Soweto explains: “The New Emancipation is my first full-length independent release; the journey to the creation and completion of this new work mean that the questions of freedom, artistic and otherwise, have a very personal resonance.

“Emancipation from a limiting music industry, restrictive definitions of race and oppressive modern systems of finance is the thread that links all of the pieces.”

And what a wide range of pieces there is, from the pure jazz of Suspended Adolescence – Soweto says it is inspired by the work songs of the slaves, as well as by the 1950s work of trumpeter Booker Little – to the call centre dramatisation Paris Heights – in which the centre is surreally transformed into a world where mosquitoes are buzzing on the phones demanding blood rather than cash. He gets to grips even more acutely with modern capitalism in Love Of Money and Trade.

“I imagined myself as the psychotic spirit behind our current economic crisis. The bi-polar, split-personality disorder tendencies of this ‘market forces’ person – turning from an apparently doting lover to a bloodthirsty sociopath.

“It was also an opportunity for me to indulge my love of word play. And I was keen to mix jazz arrangement and hip-hop production even more closely.”

It’s clear we’re listening not just to a searching artist but also an Oxford graduate in modern history when Soweto continues: “The question of fair trade underpins a large amount of the world’s inequalities. Financial instruments designed by the World Bank and IMF keep many of the injustices of slavery alive long after it’s been formally dismantled.

“I also thought of the countless states which had fought for independence from the colonial masters only to be consigned to an economic wilderness, shut out from global trade.”

But, while the scope of The New Emancipation may be global, Soweto is also a very busy musical and social activist on a local level. His commitment to Birmingham contrasts sharply with the idea that with fame must come the desire to move to bigger cultural centres.

Soweto fosters instead Birmingham culture with his regular Live Box sessions on Sunday evenings at The Drum, Aston, and with his now annual Flyover Show, a multi-arts celebration beneath the Hockley flyover.
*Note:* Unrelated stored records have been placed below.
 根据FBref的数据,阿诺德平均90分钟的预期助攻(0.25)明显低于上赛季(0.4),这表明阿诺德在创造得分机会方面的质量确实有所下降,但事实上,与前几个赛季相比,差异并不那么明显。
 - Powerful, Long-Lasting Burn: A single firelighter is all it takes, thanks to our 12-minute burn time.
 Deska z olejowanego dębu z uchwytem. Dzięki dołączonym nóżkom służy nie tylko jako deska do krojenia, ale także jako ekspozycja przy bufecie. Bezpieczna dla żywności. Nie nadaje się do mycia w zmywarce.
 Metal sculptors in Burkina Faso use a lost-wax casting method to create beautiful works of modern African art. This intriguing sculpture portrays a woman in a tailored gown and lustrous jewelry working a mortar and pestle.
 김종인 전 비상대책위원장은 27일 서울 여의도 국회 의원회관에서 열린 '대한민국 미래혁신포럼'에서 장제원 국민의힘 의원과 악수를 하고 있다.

He explained his allegiance earlier this year in another interview: “In many ways it’s a better environment than parts of inner city London. Throughout the 90s and up to the present it’s one of the cities that has preserved black culture that isn’t necessarily there in other cities.
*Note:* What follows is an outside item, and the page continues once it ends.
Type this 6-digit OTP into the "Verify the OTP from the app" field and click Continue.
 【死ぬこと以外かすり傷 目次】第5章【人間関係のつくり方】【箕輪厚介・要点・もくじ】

“Certainly there is a sense of community. Things like The Flyover Show have a power they wouldn’t necessarily have in other places because there’s a community able to benefit from it.
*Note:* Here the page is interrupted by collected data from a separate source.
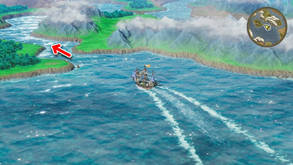 大陸に川が2本ありますが、左の川から入って北へ進み、左の陸地に上陸します。
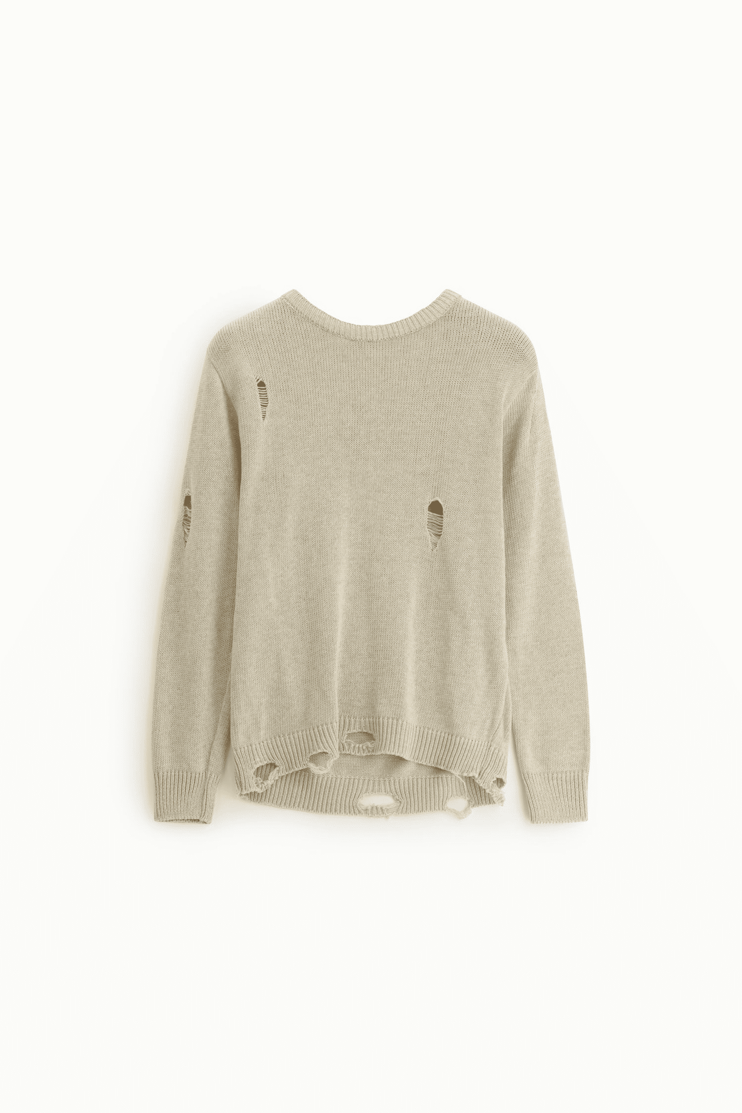 Maglione dalla linea essenziale, arricchito da dettagli vissuti e lavorazione a maglia sottile, progettato per chi ricerca uno stile distintivo e contemporaneo. Ideale come capo versatile per creare abbinamenti originali, si segnala per il bordo rifinito e la vestibilità regolare che valorizza ogni silhouette.
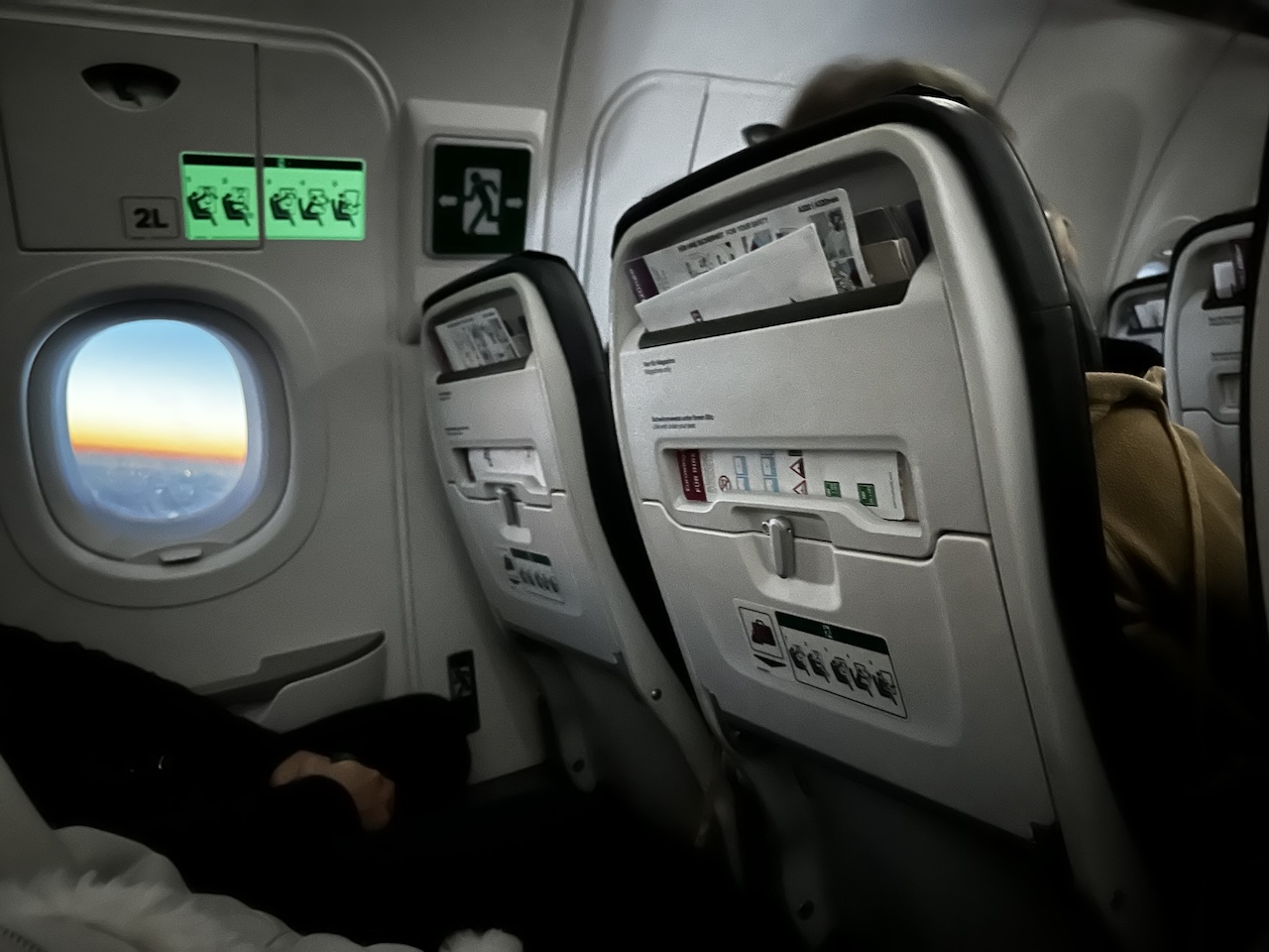Sonst sind es die unmöglich dünn gepolsterten Sitze, deren Rückenlehnen in der Economy Class nicht mehr verstellbar sind. Nicht nur am Notausgang fehlt die Funktion, genauso wie die Sitztaschen auf die man in der gesamten Kabine verzichtet hat.
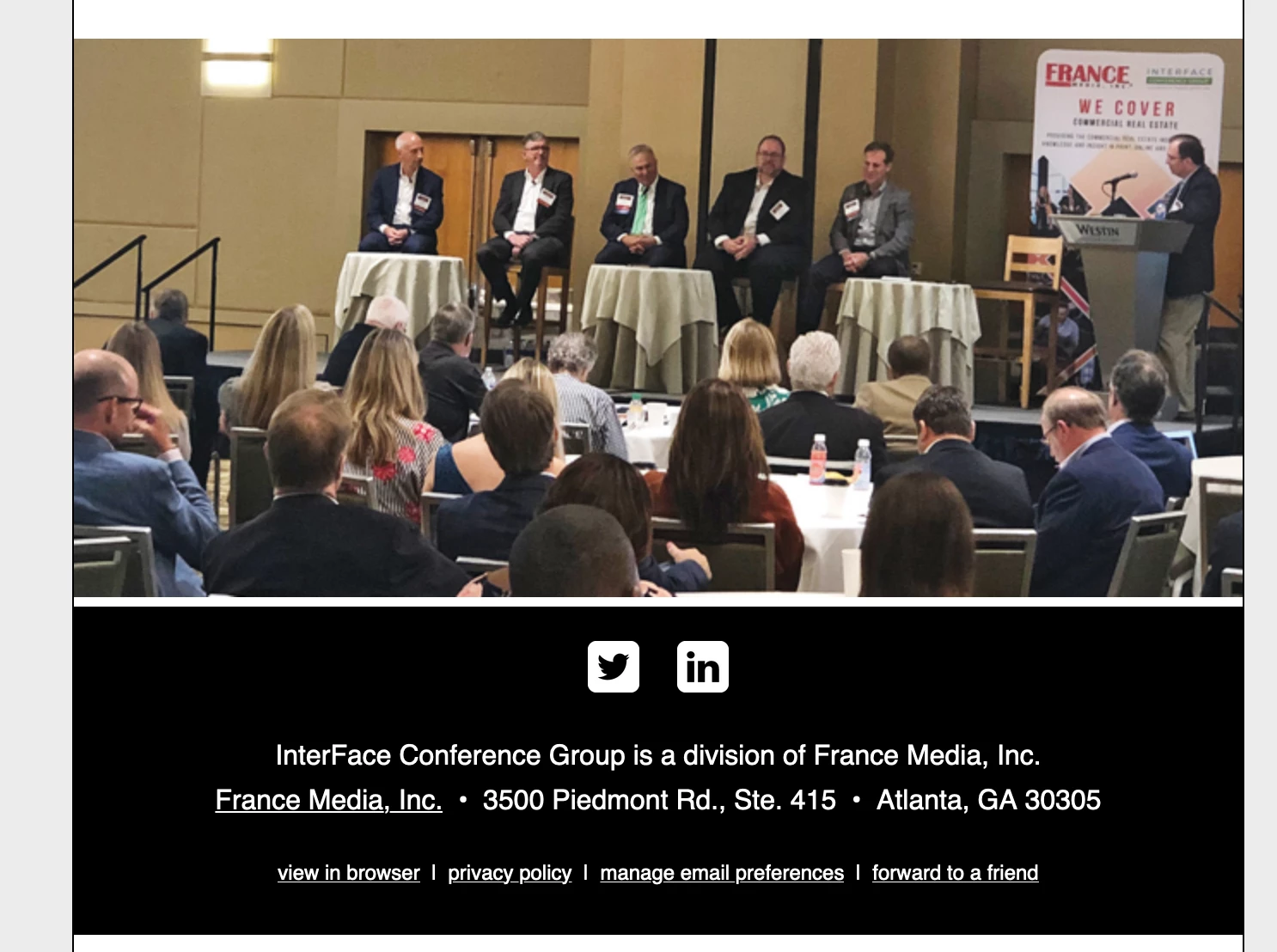 <p>InterFace Conference Group is a division of France Media, Inc.<br><a href="http://www.francemediainc.com">France Media, Inc.</a> • 3500 Piedmont Rd., Ste. 415 • Atlanta, GA 30305</p>
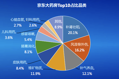 《報告》顯示,在京東大藥房TOP 10占比品類排行中,“補腎壯陽”排名第一,占比高達(dá)20.1%;在京東大藥房TOP 10增速品類排行中,“男性/泌尿”和“避孕用藥”等品類則分別占據(jù)了第一名和第二名。
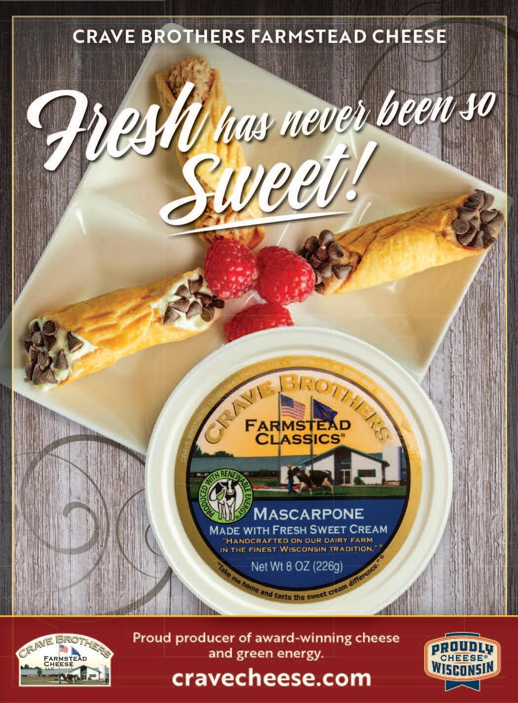 The couple founded Crave Brothers Farmstead Cheese in 2001 in partnership with George’s brothers – Charles, Mark and Tom Together with 13 family members and 50 dedicated employees, they grew the business into a nationally renowned brand producing awardwinning cheeses Last summer, for the second year in a row, Crave Brothers took W isconsin S t a t e F a i r ’s t o p t i t l e , G r a n d M a s t e r Cheesemaker, for its chocolate mascarpone that Brian Crave made

“We have to confront what’s happening around us, not just exist in an ivory tower. Community is crucial.”

And Soweto is certainly showing that he doesn’t just talk the talk – he walks the walk.

He was one of the associate artists of the refurbished Birmingham Town Hall, has spent time in India this year with other UK-based musicians and dancers for the In The Further Soil project, and is also heavily involved in a BBC2 project led by drum and bass star Goldie which looks at the transformative power of music in young people’s lives.

We’ll see more about that in 2011.

* More immediately, Soweto is touring music from The New Emancipation with his regular quartet, and comes to the CBSO Centre in Berkeley Street, Birmingham, on Saturday, December 4.

This a Birmingham Jazz event, it starts at 8pm, and tickets are available from www.thsh.co.uk or on 0121 780 3333.